TCS Daily

The Man Who Spoiled the 'Peace'

By Joseph Tom Goeller - March 31, 2003 12:00 AM

The "window for diplomacy is closed," declared President Bush on the eve of war. This failure of diplomacy in the effort to disarm Iraq has a name: Hans Blix. Until recently he was largely an unknown quantity. But over the last four months this perpetually smiling Swede has proven himself to be naive and, in the end, dangerous for world peace.

When you put your 24th choice into an important job, you don't get the best and the brightest. But to run Unmovic, the five permanent members of the Security Council could only agree on the last candidate out of 24. Who is responsible for such a bad choice? Guess! Yes, right, the French!

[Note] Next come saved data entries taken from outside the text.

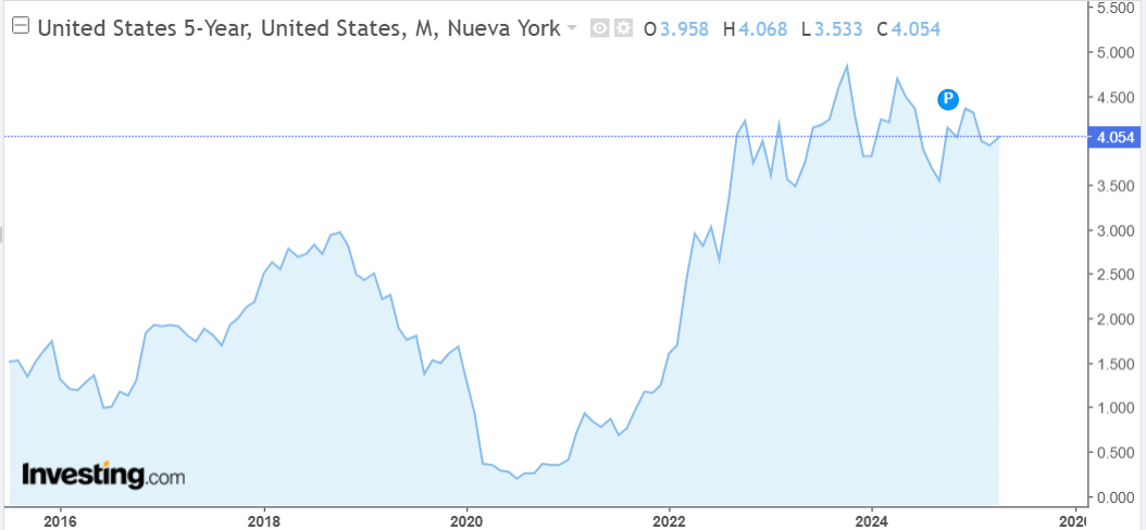 Esta misma tendencia alcista también se ve reflejada en el bono americano a 5 años, que si el pasado día 2 de abril cerró con un 3,8% de rendimiento al finalizar la jornada, actualmente su rentabilidad oscila el 4,05%. Algo distinto está sucediendo con el bono a 2 años, ya que se está dando prácticamente el mismo rendimiento que venía dando hace justo una semana, cuando entraron en vigor los aranceles de Donald Trump, rondando el 3,77% de rentabilidad. En este último gráfico podemos ver la evolución de los bonos del Tesoro de EEUU a 5 años desde 2015.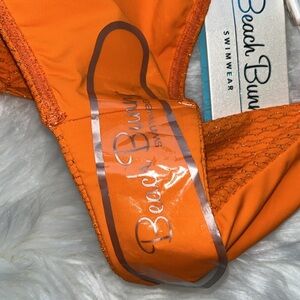 🆕 Beach Bunny Kate Full Bottom Size XS Orange with Gold Thread Design
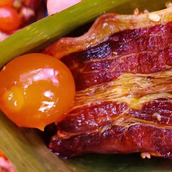 每一個粽子足足有半斤重,聽老板說粽子是小火慢燉6小時,然后再燜煮2小時才出鍋。我運氣正好,正好趕上了老板新鮮出鍋的粽子,老遠就味道了粽香味,老板見我饞得不行,拿了個讓我吃吃看。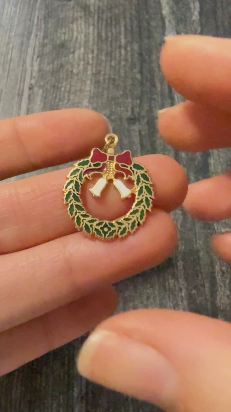 Vintage Enamel and 14K Gold Christmas Wreath Charm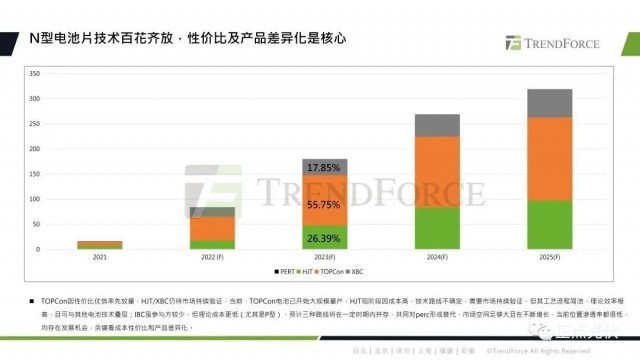 TOPCon因為它的性價比優(yōu)勢,實現(xiàn)了率先放量。預(yù)計到2023年底,N型電池片的產(chǎn)能將達(dá)到180GW,占比約為25.7%。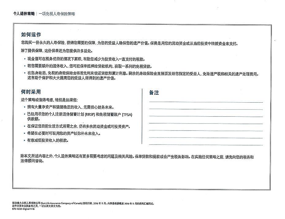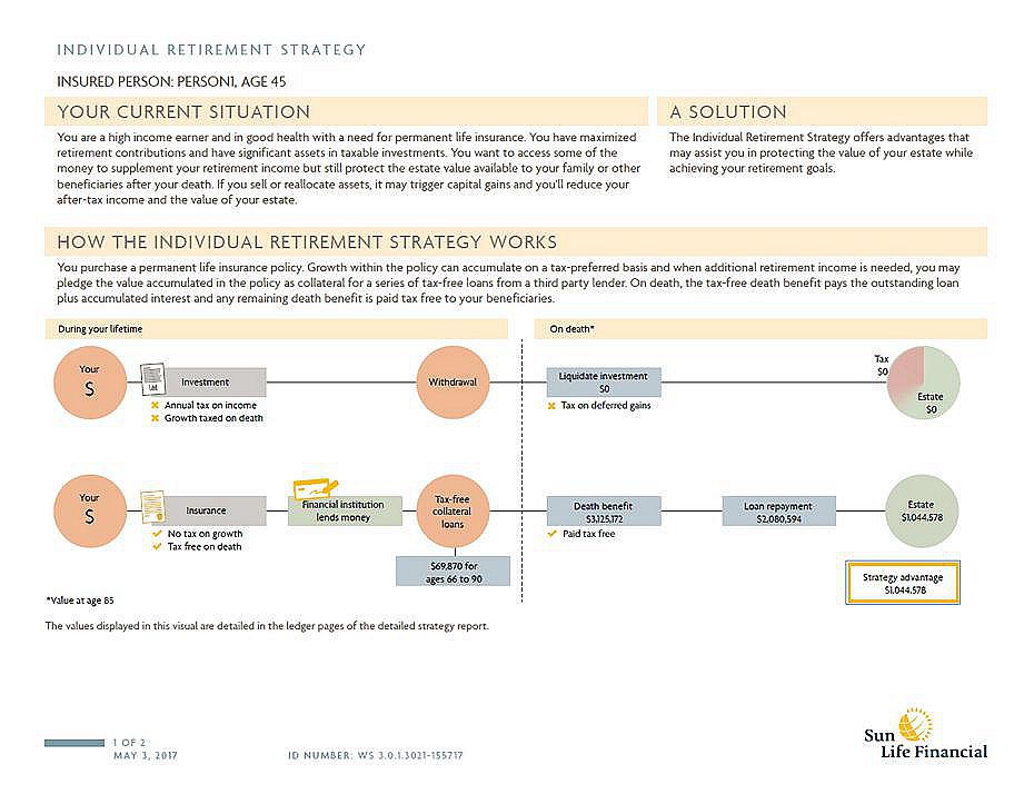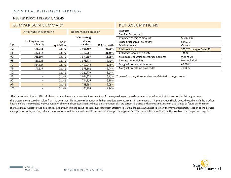 例如:有健康的身体和保险需求,45岁,男性,每年投资$34,035, 投资20年,即使按3%投资增长,每年取近$70,000, 也只能取到77岁。而运用个人退休策略,从66岁到90岁,每年用保单抵押贷款$70,000,到85岁时,即使减去所有贷款及利息,还可以给受益人留下$1,000,000. 参看如下Sun Life的实例分析说明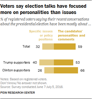 Though both Trump and Clinton supporters are more likely to say their conversations have been focused on personalities and comments rather than issues and policies, Clinton supporters are particularly likely to say this (66% vs. 53% of Trump supporters).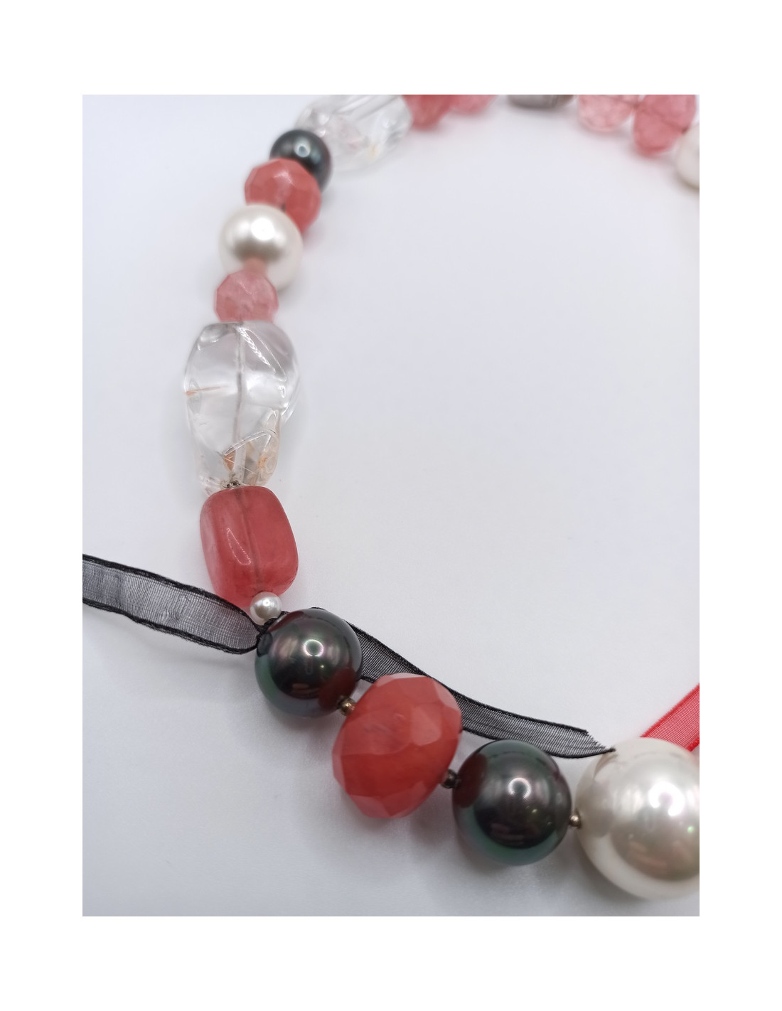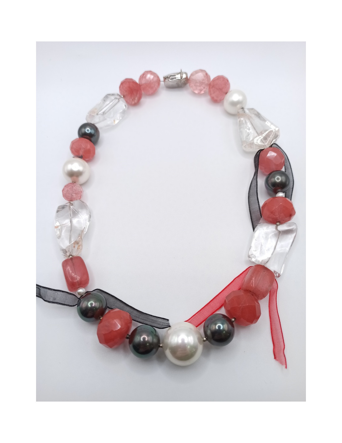 Χειροποίητο κολιέ με strawberry quartz, μαργαριτάρια, κρύσταλλο και ασημένιο κούμπωμα.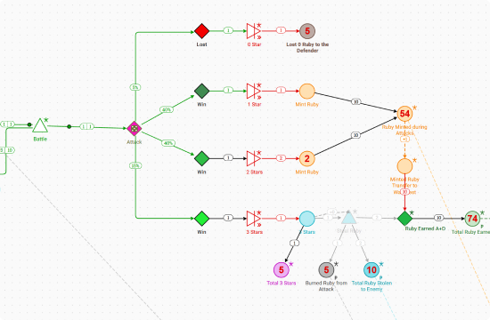 Our games use economic models which we process and test using hundreds of simulations, ensuring the resilience and balance of all sectors of the ecosystem.
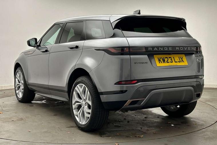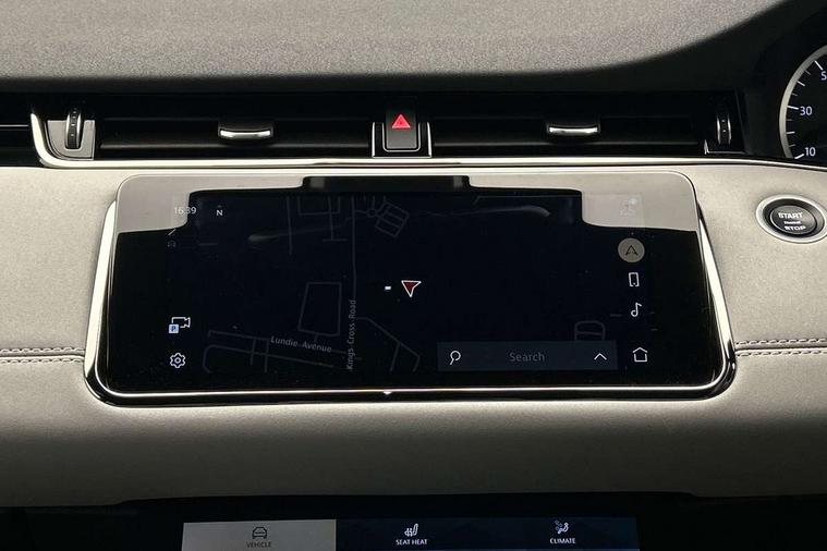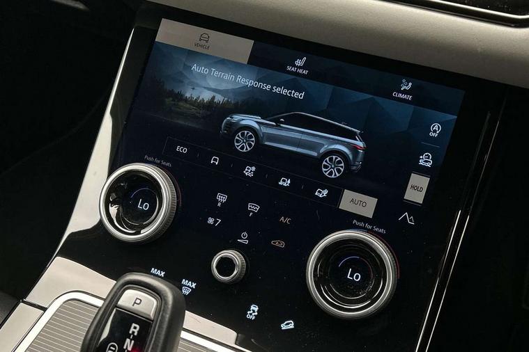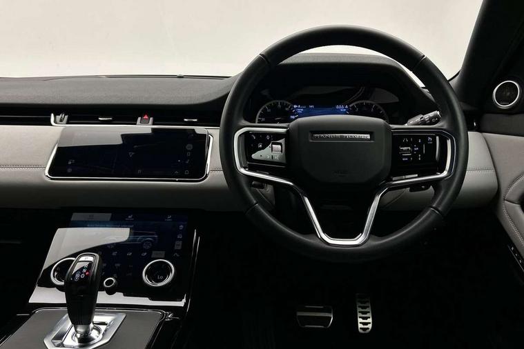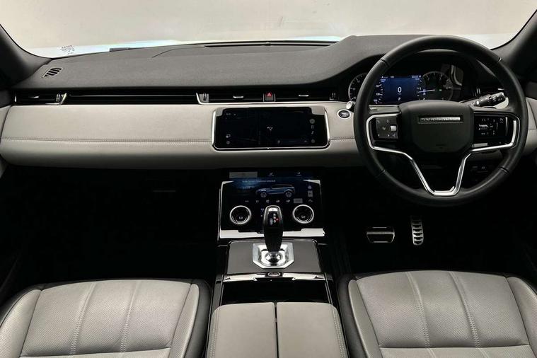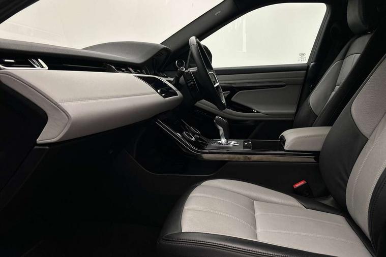 Adaptive cruise control, Android Auto, Apple car play, Blind spot assist, Bluetooth connectivity, Brake pad wear indicator warning light, Driver condition monitor, eCall emergency system, Electronic power assisted steering (EPAS), Front and rear parking aid, InControl remote, Land Rover InControl apps, Lane keep assist, Pivi pro connected includes upgraded infotainment, connected navigation pro, Nuance speech licence, Push button starter, Rear collision monitor, Rear traffic monitor, Traffic sign recognition with adaptive speed limiter, Voice control system, All terrain progress control, Efficient Driveline, Passive suspension, Terrain Response 2 Auto, Digital Audio Broadcast radio-DAB, Steering wheel mounted controls, Auto headlights, Automatic headlight levelling, Electric windows with one touch open/close and anti trap, Evoque and R-Dynamic badge, Flush deployable exterior door handles, Heated rear window with timer, Heated washer jets, Heated windscreen, Power fold, auto-dimming, heated door mirrors with approach lights and auto dimming driver side, Rain sensing windscreen wipers, Rear fog lights, Rear side wing doors, Rear wiper, Tailgate spoiler, Third brake light, 40:20:40 split folding rear seats with centre headrest and armrest, Ambient interior lighting, Bright metal pedals, Isofix system on outer rear seats, Overhead lighting console, Overhead stowage for sunglasses, Passive front head restraints, Rear air vents, Rear centre headrest, Rear head restraints, Satin chrome gearshift paddles, Single passenger seat, Sunvisors with illuminated vanity mirrors, Twin sliding front centre armrest, 3 rear 3 point seatbelts, Anti-lock braking system (ABS), Customer configurable autolock, DSC - Dynamic Stability Control, Electronic brake force distribution, Electronic parking brake, Electronic traction control, Emergency braking, Front and rear seatbelt reminder, Hill descent control, Hill launch assist, Low traction launch, Power operated child locks, Roll stability control, Six airbags - Driver and passenger airbags/driver knee airbag/front side airbag and curtain airbags, Torque vectoring brake, Tyre pressure monitoring system, Alarm, Immobiliser, Intrusion sensor, Keyless entry, Locking wheel nuts,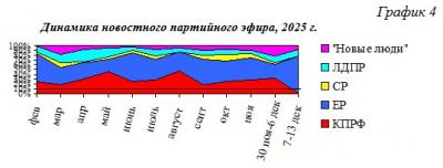 В течение 2025 г. структура новостного партийного телеэфира менялась следующим образом (Гр.4):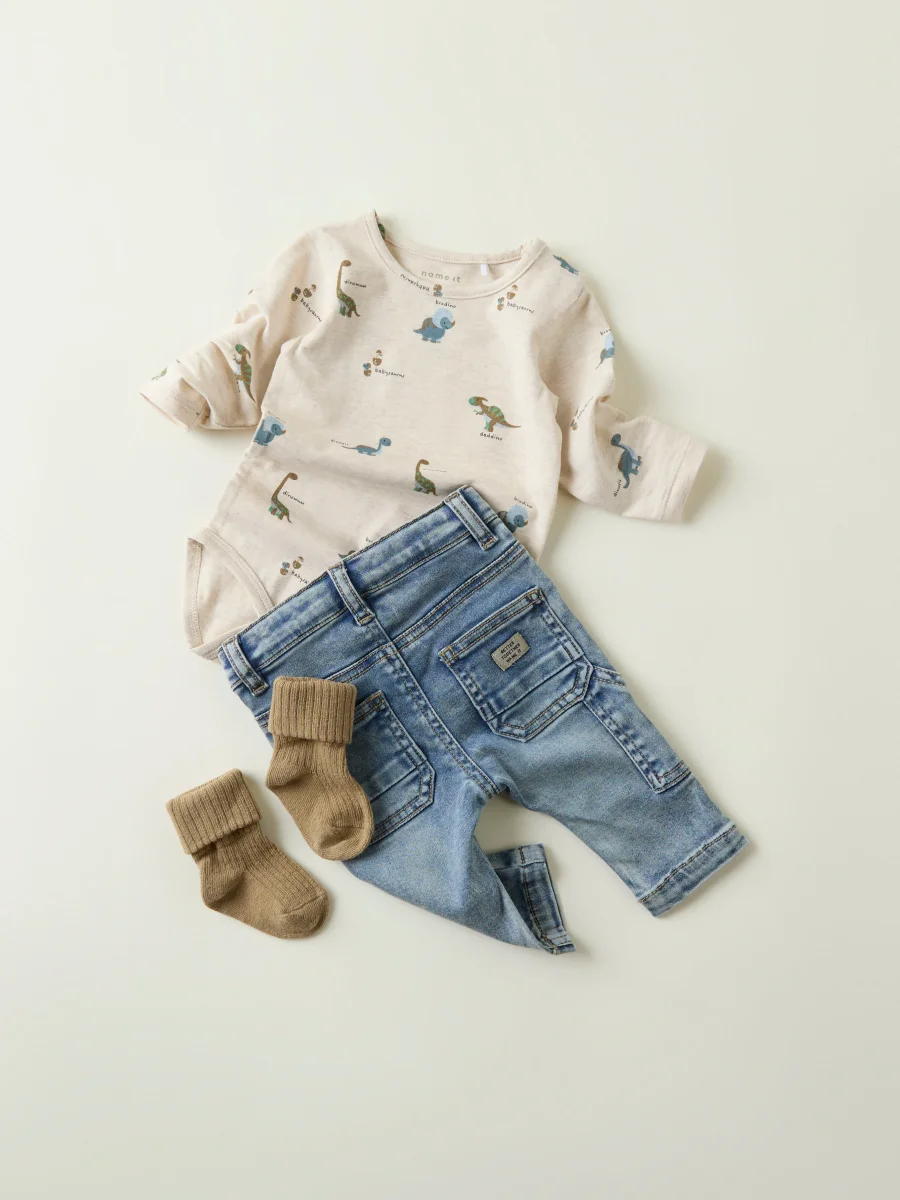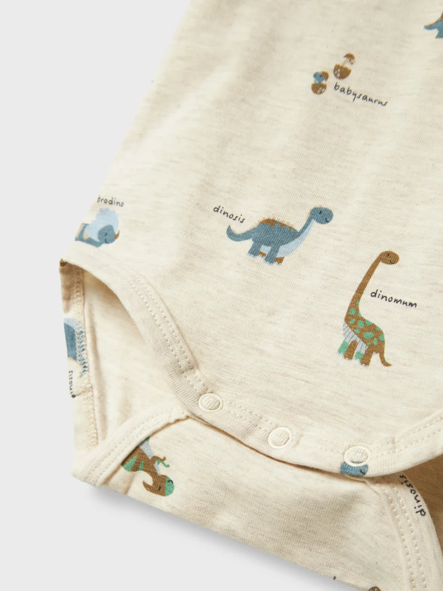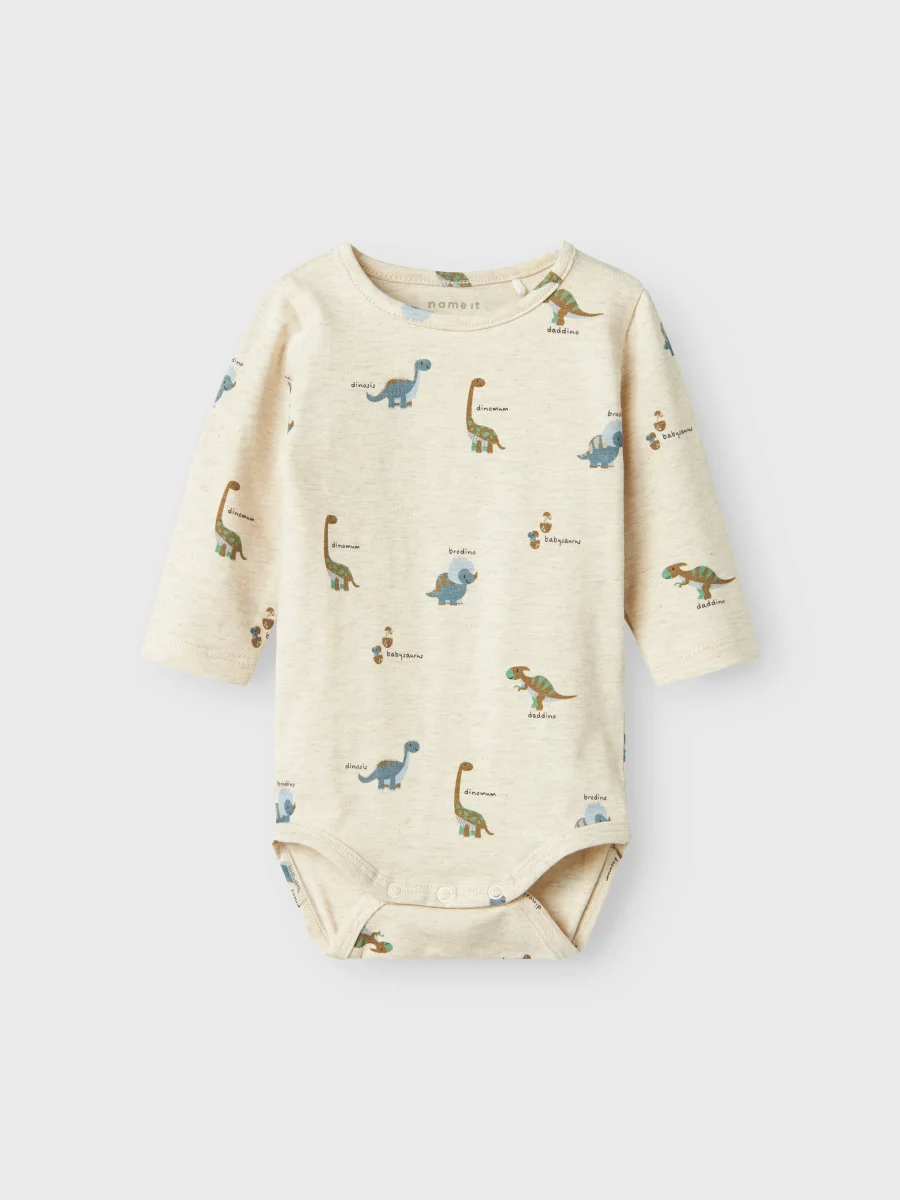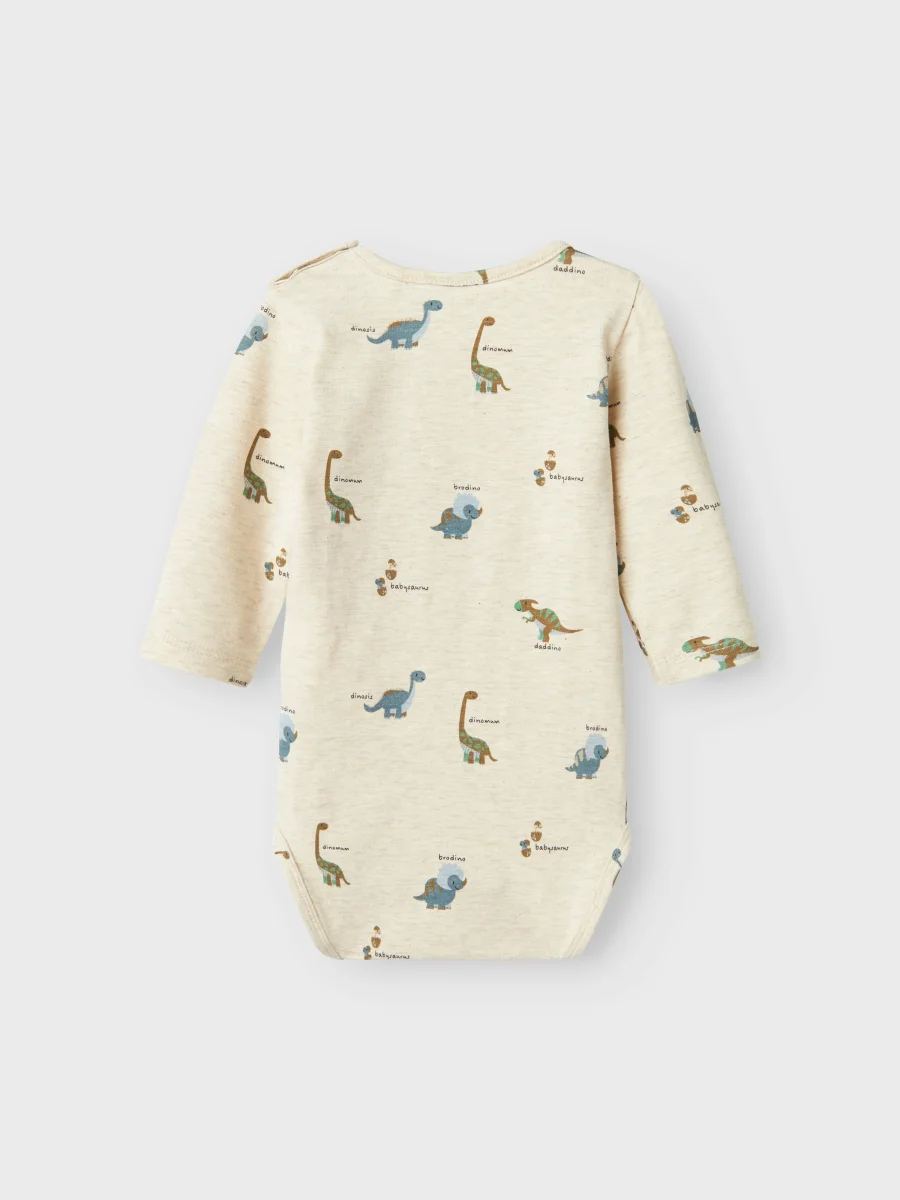 Långärmad BabyBody med små söta dino på. Skön ekologisk bomull på gulligt printad bodysuit.

After Richard Butler resigned as chief weapons inspector in 1997, President Clinton favored picking another Swede: the tough social-democrat Rolf Ekleus, a member of the inspection team since 1991. But France and also Russia stonewalled against the energetic and outspoken Ekleus and all other presented candidates. Finally Clinton gave up, annoyed by the constant "non" and "njet". Clinton finally agreed on the retired Swedish diplomat Hans Blix, whom the French tracked down in Patagonia, where he spent his vacations.

Although Blix had a record as an incompetent inspector, Clinton didn't care much because he knew that he would not have to deal with the problem - in other words, Blix is another Clinton inheritance President Bush has been confronted with in a time of crisis.

But why did Blix qualify for this position in the first place?

A professor in international law, he became a career diplomat in 1963 and was Sweden's foreign affairs minister in 1978 for one year. From 1961 until 1981 he was a member of Sweden's delegation to the United Nations in New York and in Geneva, where he mainly dealt with disarmament. Thus he became a well-known figure in UN circles. This was obviously an important qualification for the International Atomic Energy Agency (IAEA) in Vienna. Although Blix had no real atomic energy expertise, he eagerly accepted the position of director-general of this UN organization in 1981.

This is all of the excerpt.